A similar situation prevails in the area of corporate taxation which, through its focus on income, encourages management to rely on retained earnings and depreciation allowances so as to fmance capital investment rather than distributing profits to shareholders and facing the discipline of the marketplace for new capital requirements.

In each of these instances, a strong case can be made for shifting part of the tax burden from earned income to some wider measure of wealth, with a view to institutionalizing a greater degree of redistribution. The fundamental policy concern relates to the merits of the present system of allowing, and indeed encouraging, the accumulation and concentration of eoonomic power in our society.

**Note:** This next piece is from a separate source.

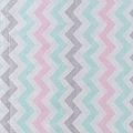 Плотная натуральная ткань с особым принципом переплетения нитей: крест-накрест. Имеет гладкую матовую поверхность чуть шероховатую на ощупь, не тянется, немного просвечивает. Прочная и стойкая к износу, надолго сохраняет яркость красок, не растягивается при стирке, практически не мнется. Нежный принт в пастельных тонах в виде зигзага на белом фоне прекрасно подойдет для пошива постельного белья, изготовления пеленок, бортиков для кроватки и других предметов домашней одежды и интерьера.
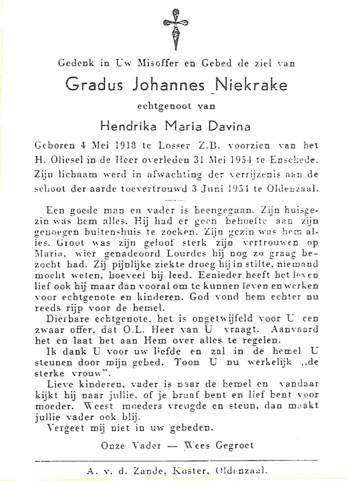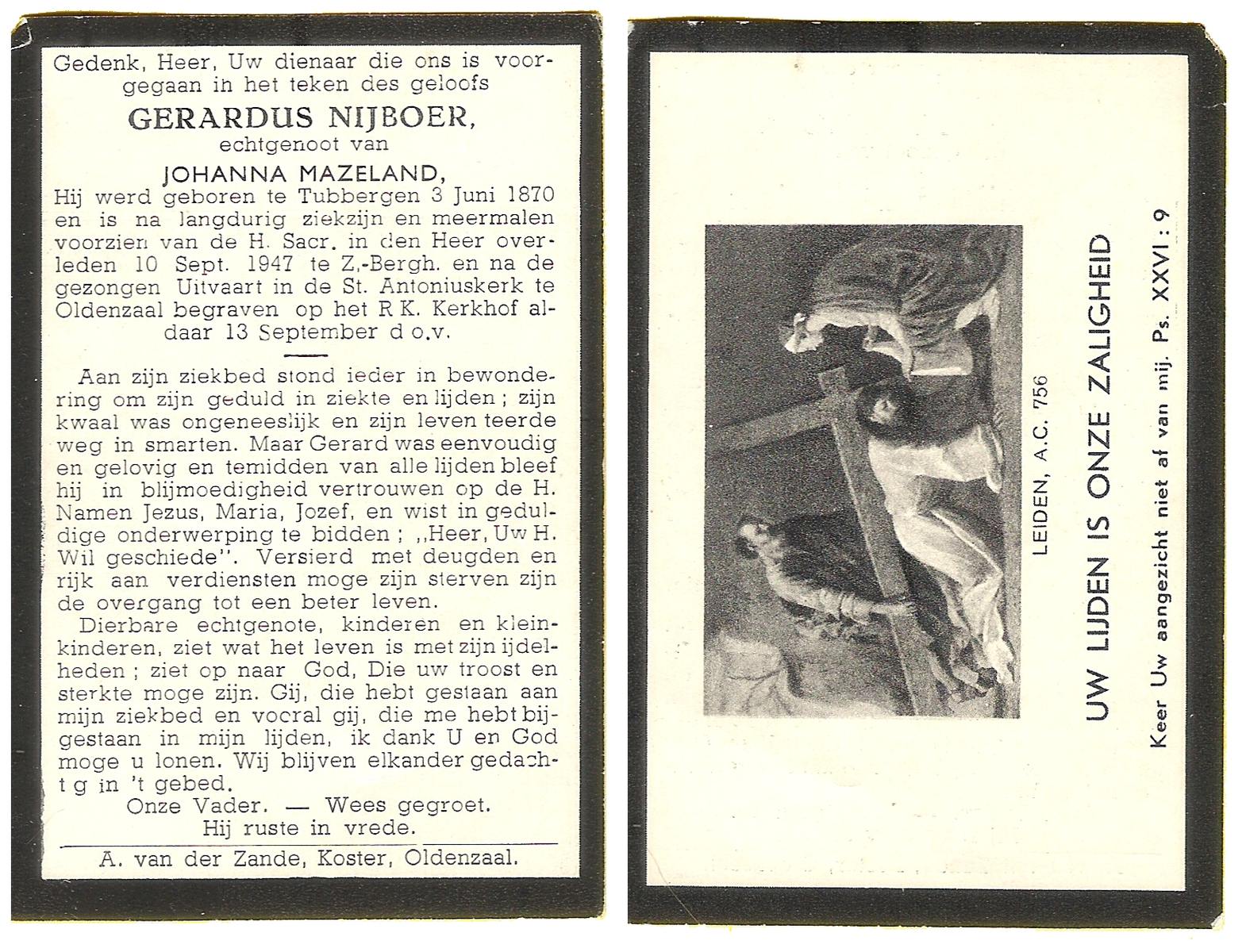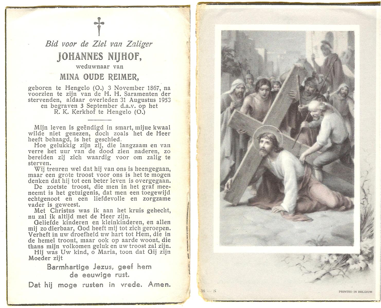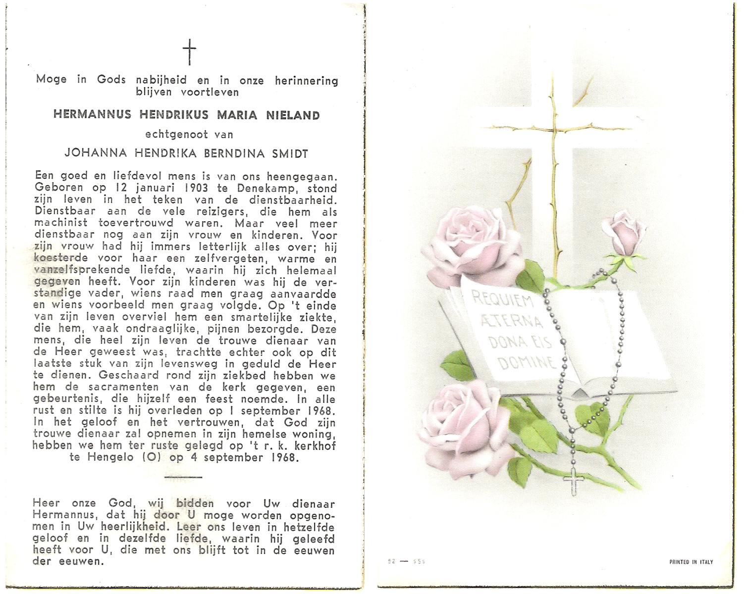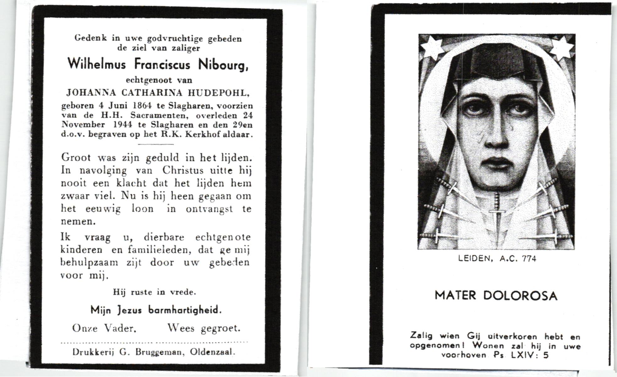 NIJHUIS, Johannes, geboren op 23-09-1887 te De Lutte, overleden op 3-11-1958 te De Lutte op 71-jarige leeftijd, begraven op 6-11-1958 te De Lutte.

The tax treatment of endowed charitable foundations poses similar concerns. As noted by the authors in their conqlusion:

“One of the compelling motives behind the establishment of foundations is the desire by wealthy private individuals to perpetuate their own names and memories … If government sets minimum spending requirements too high, they will effectively remove the possibility of perpetual names and memories and destroy private incentives in this direction.”
The authors continue with another revelation of their underlying bias:

“Given the impact that private foundations play in Canadian society it would seem wise not to remove these incentives.”
The desire of wealthy private individuals to perpetuate their names need not be the motive which guides public policy. Quite aside from the merits of allowing wealth to become increasingly concentrated in the hands of a minority, there is another public interest in endowed charitable foundations. To the extent that we, the public, commit foregone taxes to such bodies, we all have a substantial, if indirect, financial interest in their activities. In a sense, such foundations are jointly funded by the public as well as by those who seek to perpetuate their own names (or achieve other personal as well as social objectives). Hence, the public has every reason to be interested in the fundamental policy question of whether endowed foundations should be allowed to exist in perpetuity or whether they might be required to make disbursements out of capital as well as income.

The purpose of this comment is neither to belittle the contribution of the Rorke/ Fowler Study nor to advocate the mandatory, periodic redistribution of accumulated wealth. It is important, however, that readers of the Study appreciate the unsubstantiated assumptions implicit in their analysis. Such assumptions are by no means unique among policymakers and commentators in the taxation field. Perhaps the time has come to explore those assumptions a bit more thoroughly.